- [WHAT IS BEING ASKED]:
All lines from the one containing "Subasta de Honda" through the end of the material below are to be printed exactly, both ends included, minus pictures.

- [DATASET CONTENT]:
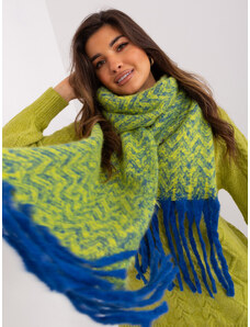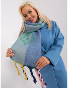ITALY MODA Limetkově-modrá vzorovaná šála s třásněmi -dark blue Zelená
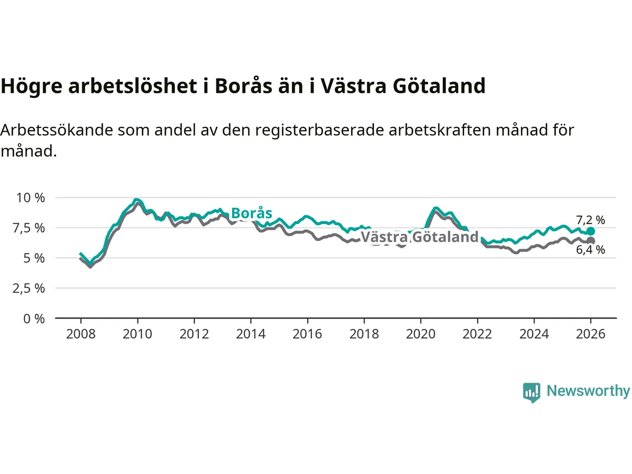 | Borås | 7,2 % | −0,4 % ▼ |
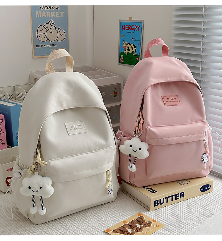 배낭 여성의 2025 새로운 고등학교 학생 대용량 솔리드 컬러 나일론 헝겊 가방 유행 배낭 남성용스토어 가기
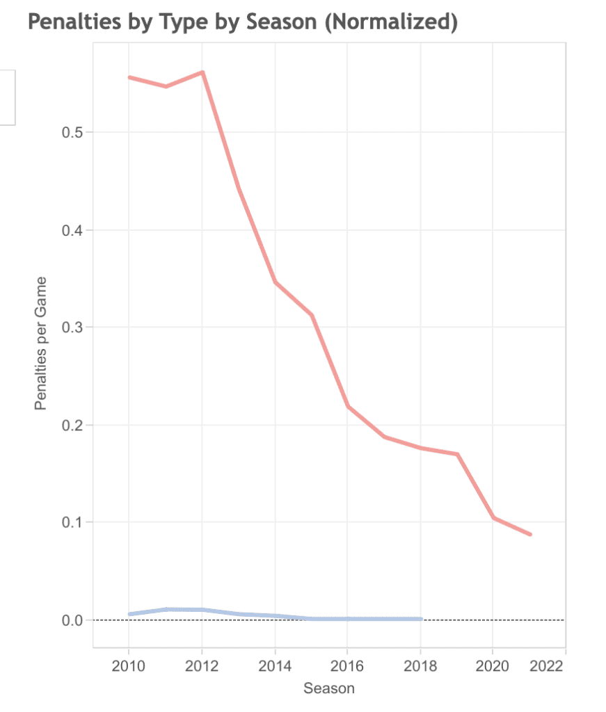 The data trend shows that players are cleaning up their acts in a major way. Boarding calls have plummeted significantly. We’ve only seen three boarding majors handed out this season and zero checking-from-behind penalties according to the data for 2022-23.
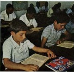 Na nova escola técnica, os rapazes trabalhavam a madeira, metal e equipamento eléctrico. As raparigas em limpos calções azuis estavam a ser ensinadas nas ciências domésticas.
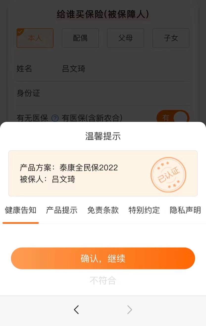 和市场上其他百万医疗险相比,泰康全民保2022保费便宜,但实际保障额度较低,和其他住院100%报销医疗费用的百万医疗险有较大差异。更重要的是,投保流程中没有向消费者强调健康告知的重要性,也没有清晰展示健康告知页面。如果消费者需要理赔,保险公司发现其存在未告知的既往病史,可能会产生拒赔。
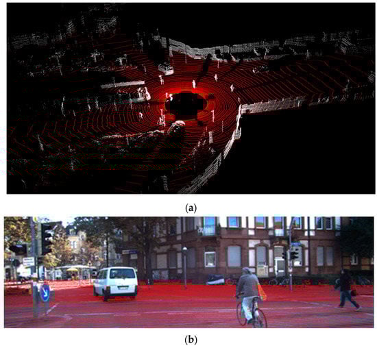 - Meyer, G.P.; Charland, J.; Hegde, D.; Laddha, A.; Vallespi-Gonzalez, C. Sensor Fusion for Joint 3D Object Detection and Semantic Segmentation. In Proceedings of the IEEE Conference on Computer Vision and Pattern Recognition, Long Beach, CA, USA, 16–17 June 2019; pp. 12677–12686. [Google Scholar]
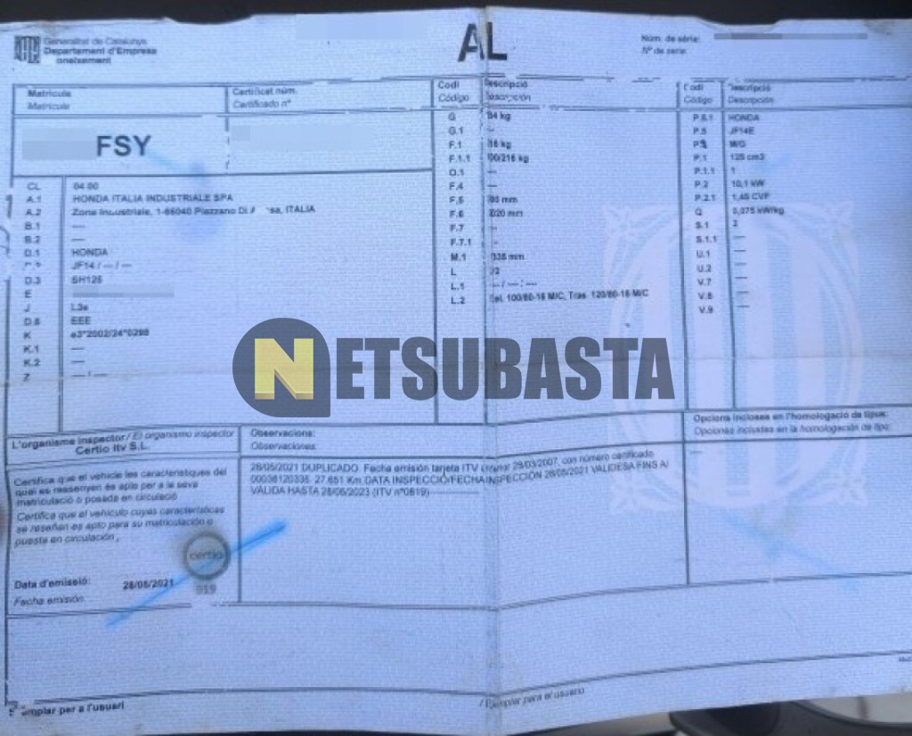 Subasta de Honda Scoopy SH125i 2007 Averiados, Marca Honda, Modelo Scoopy SH125i, Combustible Gasolina, Kilometraje 65.000 KM, Fecha 1ª matriculación 07/2007, Matrícula ****FSY, Color Exterior , Color Interior , IVA REBU y Ubicación Barcelona.
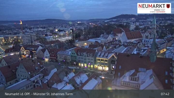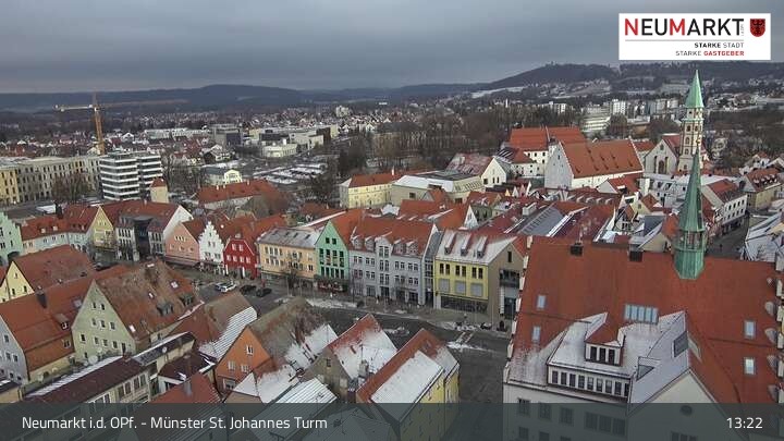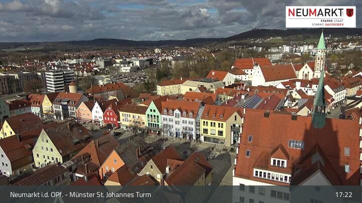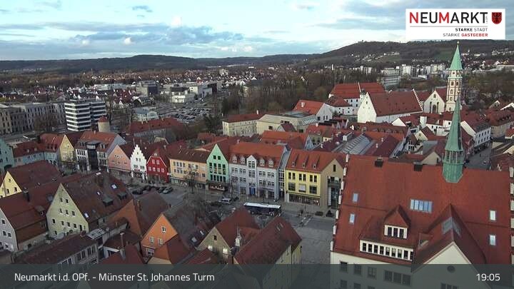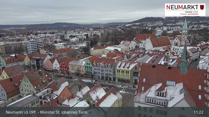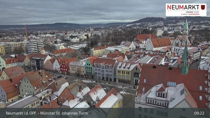 Die Webcam befindet sich am Turm der St. Johannes Kirche in Neumarkt in der Oberpfalz und zeigt einen tollen Panoramablick über die Stadt.
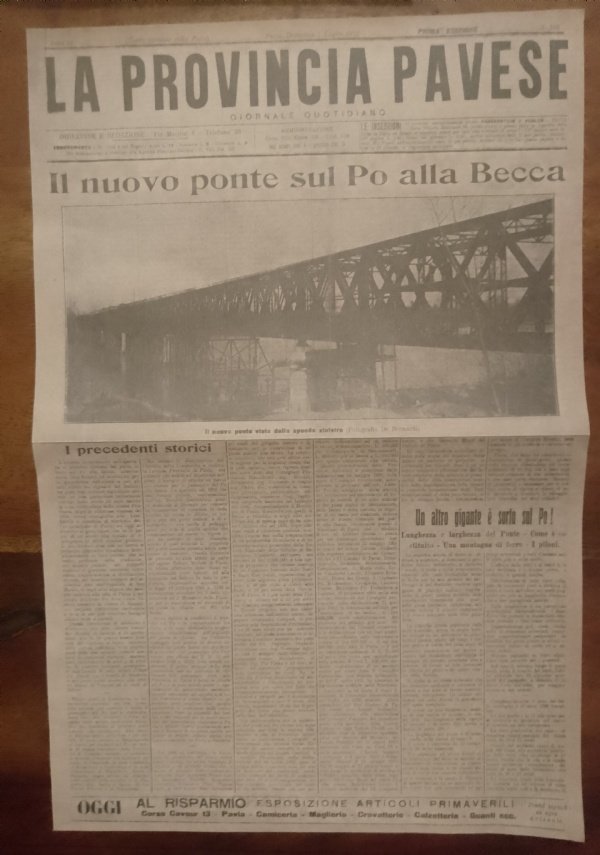 La Provincia Pavese. Il nuovo ponte sul Po alla Becca - FACSIMILE PRIMA PAGINA 7 LUGLIO 1912
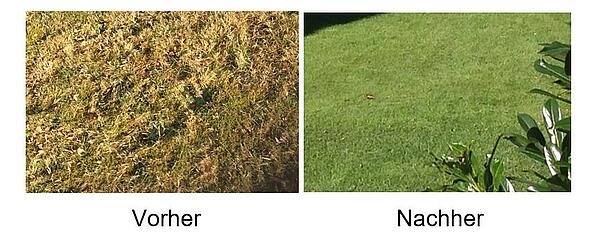Durch Vertikutieren, Düngern und Nachsähen wird ein schöner Rasen erzeugt.

- [TASK ANSWER]:
 Subasta de Honda Scoopy SH125i 2007 Averiados, Marca Honda, Modelo Scoopy SH125i, Combustible Gasolina, Kilometraje 65.000 KM, Fecha 1ª matriculación 07/2007, Matrícula ****FSY, Color Exterior , Color Interior , IVA REBU y Ubicación Barcelona.
 Die Webcam befindet sich am Turm der St. Johannes Kirche in Neumarkt in der Oberpfalz und zeigt einen tollen Panoramablick über die Stadt.
 La Provincia Pavese. Il nuovo ponte sul Po alla Becca - FACSIMILE PRIMA PAGINA 7 LUGLIO 1912
Durch Vertikutieren, Düngern und Nachsähen wird ein schöner Rasen erzeugt.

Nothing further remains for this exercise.